Amazon SVP WW ops Dave Clark
Dave Clark, Amazon’s chief of worldwide consumer.

  • Amazon’s Dave Clark issued a fiery response to Bernie Sanders’ visit to its Alabama warehouse.
  • “We actually deliver a progressive workplace for our constituents,” Clark said.
  • Sanders has come out in support of the union and criticized Amazon CEO Jeff Bezos’ fortune.
  • See more stories on Insider’s business page.

Amazon’s consumer chief is firing back at Sen. Bernie Sanders ahead of the Vermont politician’s visit to Amazon’s Alabama warehouse amid a union vote.

Sanders has plans to visit Birmingham, Alabama, on Friday to meet with Amazon workers in the final days of a vote to unionize at Amazon’s Bessemer fulfillment center. Dave Clark, who serves as CEO of worldwide consumer at Amazon, issued a fiery statement on Wednesday in response to Sanders’ visit.

“I welcome the Senator to Birmingham and appreciate his push for a progressive workplace,” Clark said in a statement to Insider. “I often say we are the Bernie Sanders of employers, but that’s not quite right because we actually deliver a progressive workplace for our constituents: a $15 minimum wage, health care from day one, career progression, and a safe and inclusive work environment.”

“So if you want to hear about $15 an hour and health care, Senator Sanders will be speaking downtown. But if you would like to make at least $15 an hour and have good health care, Amazon is hiring,” Clark said.

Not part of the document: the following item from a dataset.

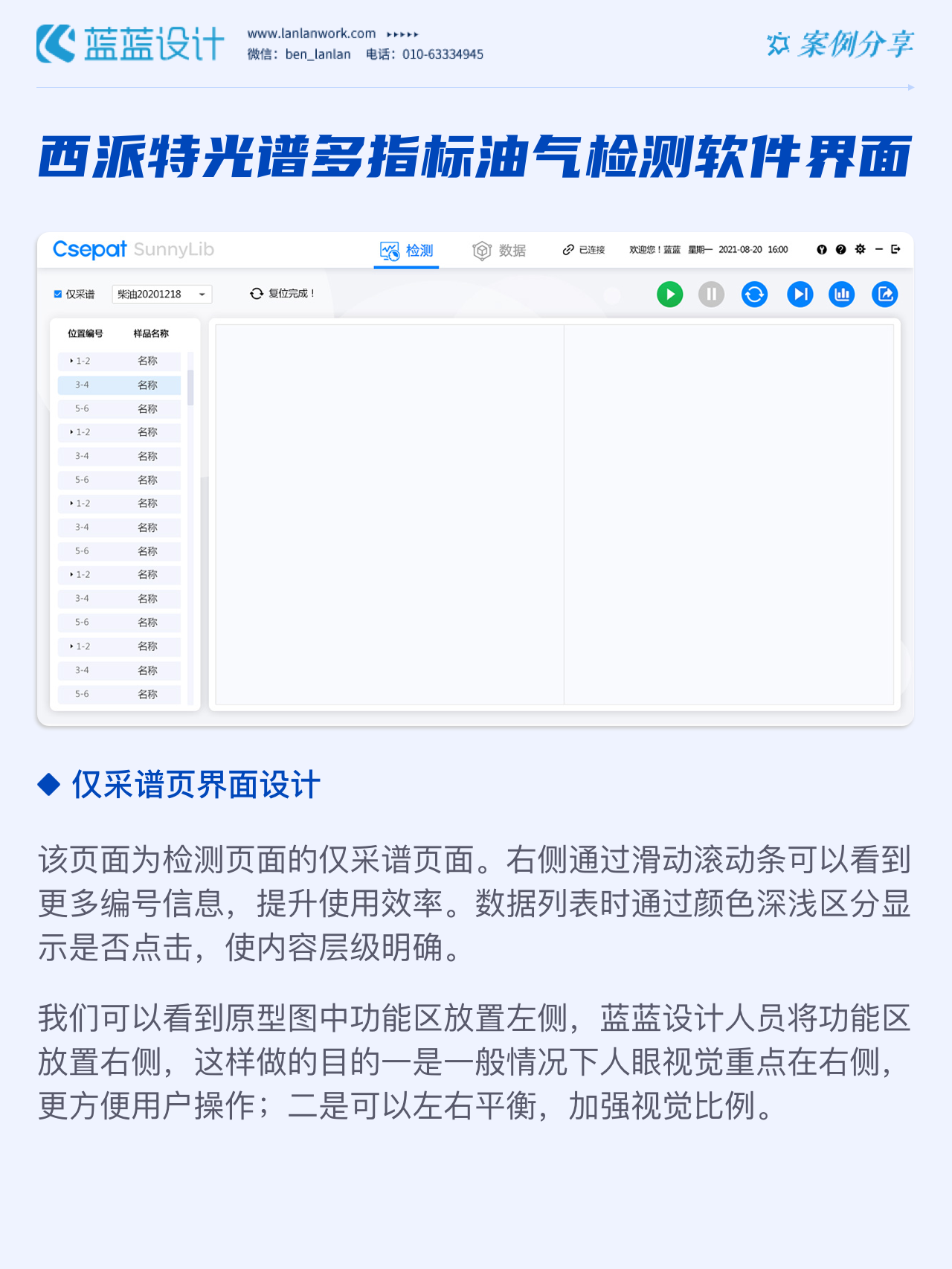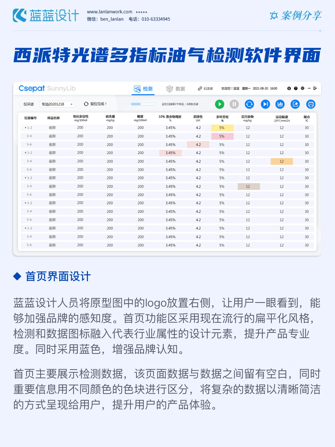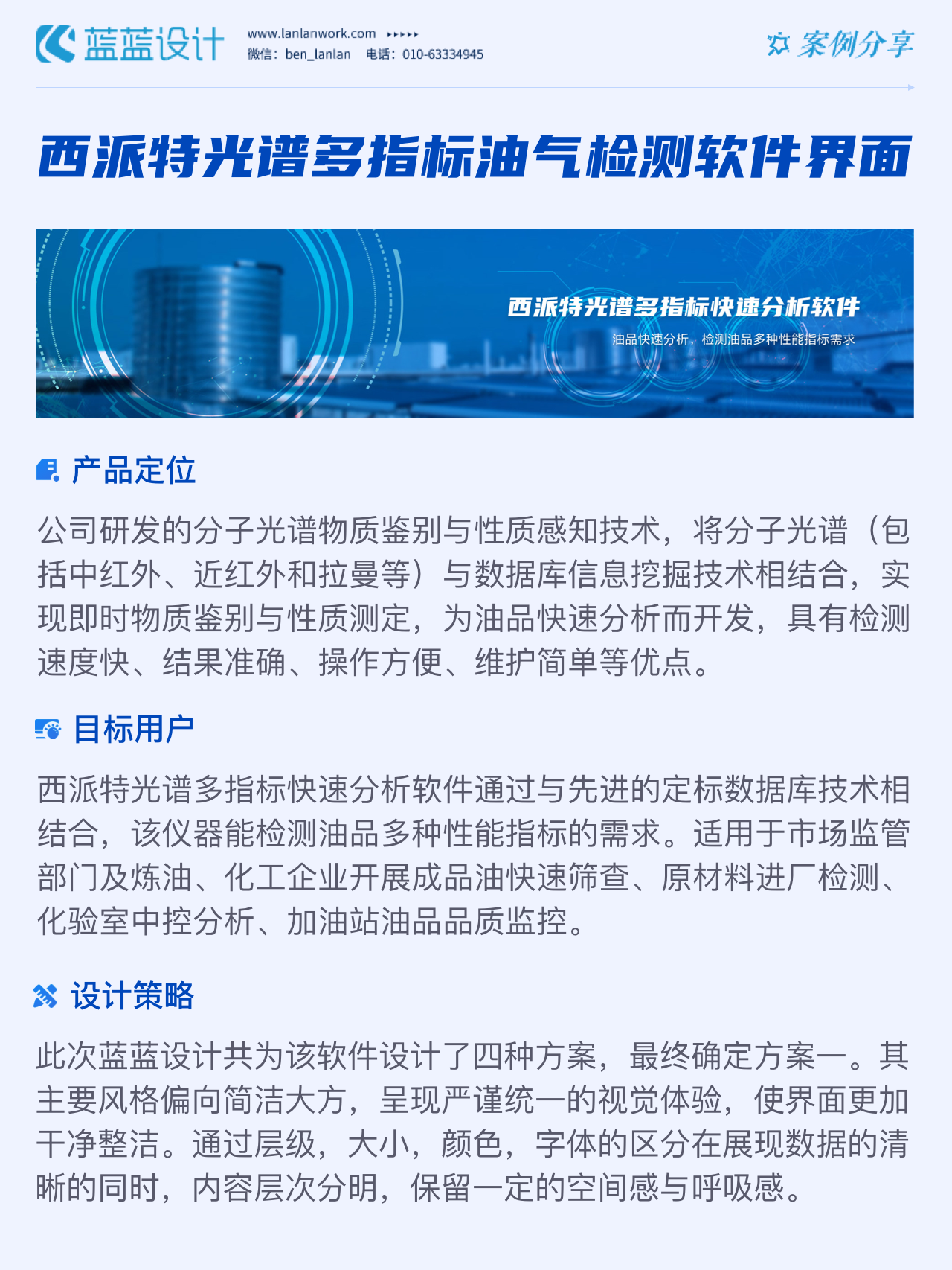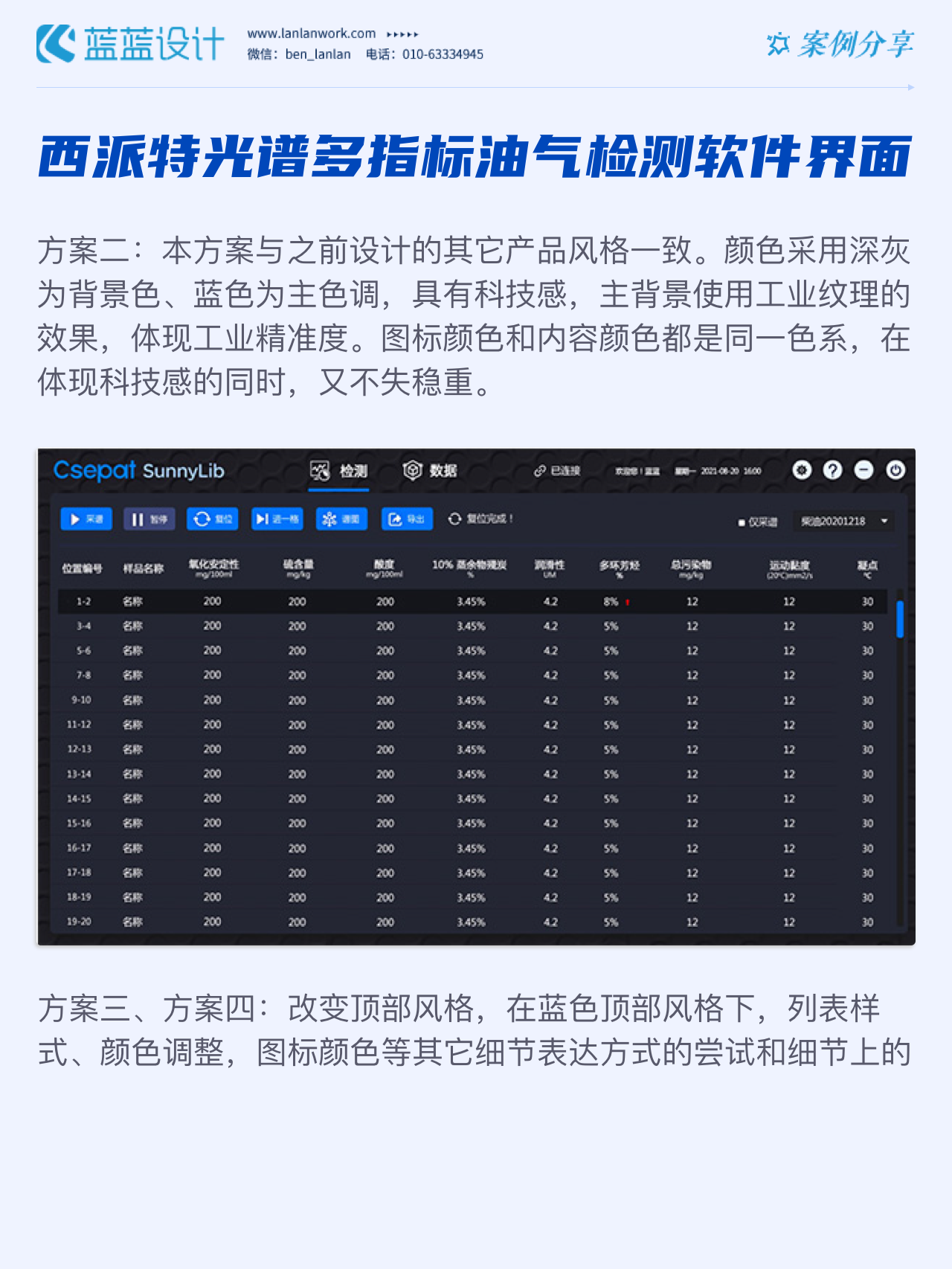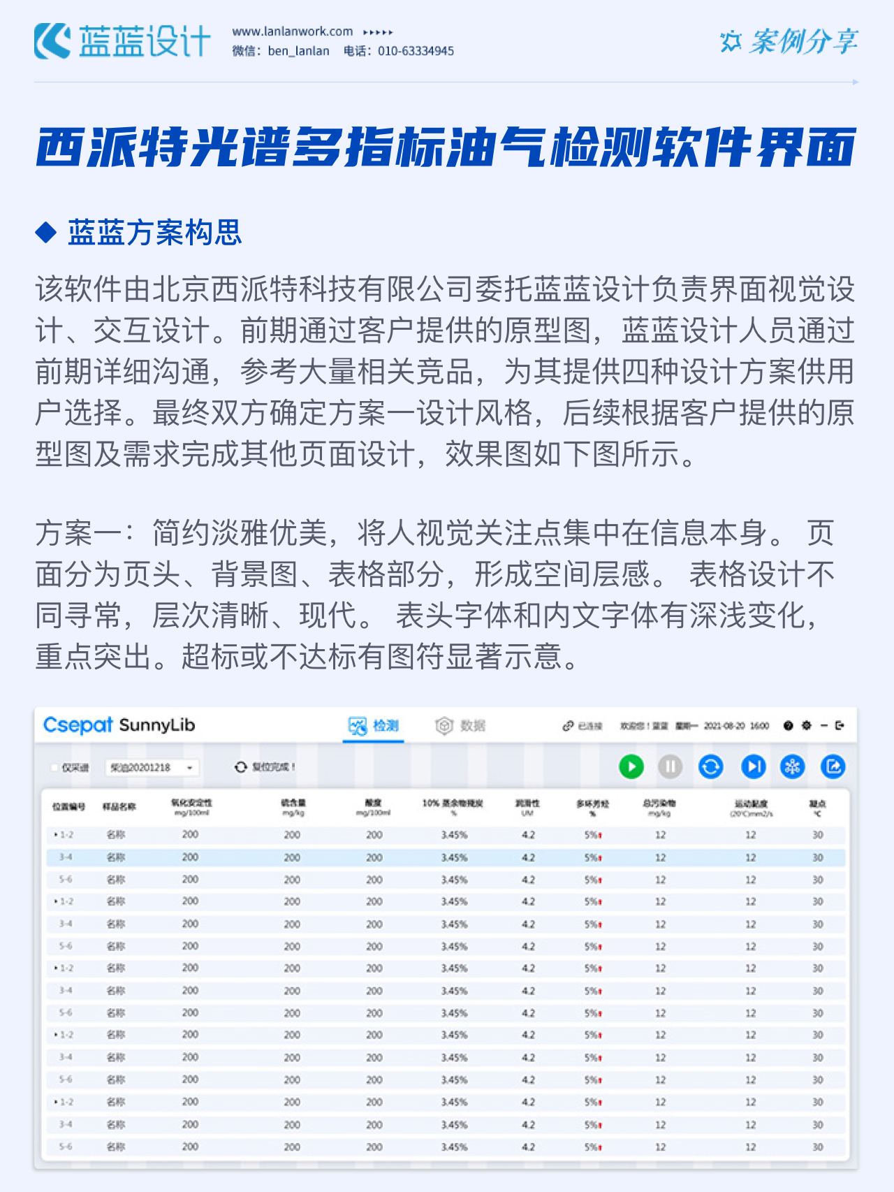 該軟件由北京西派特科技有限公司委托藍(lán)藍(lán)設(shè)計(jì)負(fù)責(zé)界面視覺設(shè)計(jì)、交互設(shè)計(jì)。藍(lán)藍(lán)設(shè)計(jì)人員通過前期詳細(xì)溝通,參考大量相關(guān)競(jìng)品,為其提供四種方案視覺設(shè)計(jì)。最終雙方確定方案一設(shè)計(jì)風(fēng)格,后續(xù)根據(jù)客戶提供的原型圖及需求完成其他頁面設(shè)計(jì)。

Sanders’ trip to Alabama comes as roughly 6,000 Amazon workers vote on whether or not to form a union, which would be the first at the company. The vote closes on March 29 and votes will be tallied on March 30.

Amazon has staunchly opposed the formation of a union, arguing that it would only cost workers more money in dues and provide benefits Amazon already gives them.

The company has aggressively pushed employees to vote against unionizing. Employees told Insider that Amazon had started handing out “vote no” pins and hosting frequent informational meetings about unions in addition to airing anti-union ads on Twitch and placing signs in bathrooms.

Sanders has been an outspoken critic of Amazon CEO Jeff Bezos over his $184 billion fortune, and has come out in support of the Alabama employees’ unionization efforts.